Achilles tendon rupture

A

The typical mechanism of this injury is a sudden, forceful plantarflexion of the ankle, such as pushing off from the ground to jump or run, or by sudden, forceful dorsiflexion of the ankle, stretching the calcaneal tendon. Patients present with pain and altered gait, as they cannot plantarflex the foot to push-off from the ground when walking.

492
Q

Compartment syndrome

A

Because the deep fascia and intermuscular septa of the leg do not stretch, swelling in one of the compartments of the leg (e.g. caused by oedema or bleeding) increases pressure in the compartment and compresses muscles, nerves, and blood vessels.

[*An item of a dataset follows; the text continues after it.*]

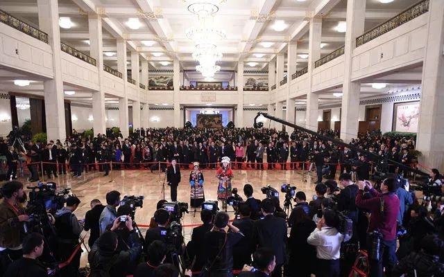 2016年3月16日,第十二屆全國(guó)人民代表大會(huì)第四次會(huì)議在北京人民大會(huì)堂舉行閉幕會(huì)。記者在人民大會(huì)堂部長(zhǎng)通道采訪。 (新華社記者王建華攝)2018年全國(guó)兩會(huì)首設(shè)“代表通道”

Once the pressure exceeds capillary perfusion pressure, ischaemia and infarction of the tissues occurs if not treated promptly by releasing the fascia (fasciotomy).

493
Q

Pulses around the ankle

A

The pulsation of the dorsalis pedis artery is usually palpable over the dorsum of the foot, just lateral to the tendon of extensor hallucis longus, between the first and second metatarsals. The pulse of the posterior tibial artery is palpable posterior to the medial malleolus. It is important to be able to palpate both pulses when examining a patient’s vascular system.